A performance comparison in terms of P and I is shown in Fig. 1. The lower bound, assuming perfect knowledge of \(\tau _{r,i}\)’s prior to the LS step (termed ‘Known delays’) is also shown. JAtomSR shows significant performance gain over AtomSR due to the utilization of the common support assumption, and its performance is very close to the lower bound. The improvement is highest in regions where P is small and/or I is high, and as P increases or I decreases the improvement decreases. By comparing Full LS and JAtomSR in Fig. 1(b) we conclude that exploiting the channel sparsity leads to reduced MSE even when low number of pilot subcarriers are used. It should be noted that the Full LS algorithm has low complexity, negligible compared to JAtomSR.

Fig. 1.
figure 1

The MSE in terms of P and I at \(10\log _{10}\frac{1}{\sigma _n^2} = 10 dB\), \(N_r=5\)

Fig. 2.
figure 2

The MSE in terms of \(N_r\) and the inverse noise power at \(P=32\)

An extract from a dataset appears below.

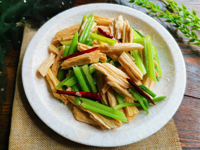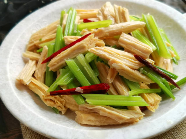 芹菜和腐竹搭配是我们日常生活中最为常见的做法了,比如说有芹菜拌腐竹、芹菜腐竹木耳等,芹菜口感脆嫩,清香,具有利尿消肿,养血补虚,清热解毒之功效。腐竹口感韧柔,豆香浓郁,具有健脑,保护心脏,降低血液中胆固醇含量等功效。用芹菜与腐竹搭配同炒,味道鲜美,清香爽口,营养丰富。芹菜炒腐竹还有降压补益脾胃的好处,是夏季百吃不厌的一道家常小炒,下面介绍芹菜炒腐竹的家常做法。

Performance comparison in terms of \(N_r\) and the inverse noise power \(10\log _{10}\frac{1}{\sigma _n^2}\) is shown in Fig. 2. The improvement of JAtomSR over AtomSR, shown in Fig. 2(a), increases as \(N_r\) increases, but the improvement slope is highest for \(N_r=2\) and decreases with the increase of \(N_r\). Figure 2(b) shows that the improvement of JAtomSR compared to AtomSR is almost constant for broad range of inverse noise powers. However, in the high inverse noise power region the performance of AtomSR becomes comparable to and even better than the performance of JAtomSR. In this region, using the common support assumption does not help anymore. Namely, here the noise power is very low and AtomSR is capable of estimating the \(\tau _{r,i}\) with such a precision that the evaluated different delays at different antennas, associated with the same scatterer, significantly decrease the MSE. The complexity analysis of JAtomSR is left for future work.

4 Conclusion

We proposed the use of atomic norm in the estimation of sparse time dispersive SIMO channels with common support in pilot aided OFDM systems. The proposed algorithm uses specific subsampled subcarrier pilot allocation scheme and is based on the atomic norm minimization of the Multiple Measurement Vector model to jointly estimate the delays of the paths at different antennas, corresponding to the same scatterer. The simulation results show that the performance improvement compared to the algorithm that does not use the common support assumption, increases with the increase of the number of receive antennas and is significant in the low to medium SNR region. At high SNR the common support assumption does not hold and the performance of the proposed algorithm degrades. The proposed algorithm can be also used in a MIMO OFDM system, where specific orthogonal pilot patterns are used in the different OFDM symbols of the training sequence, which allows the estimation of the channels between any transmit and each receive antenna.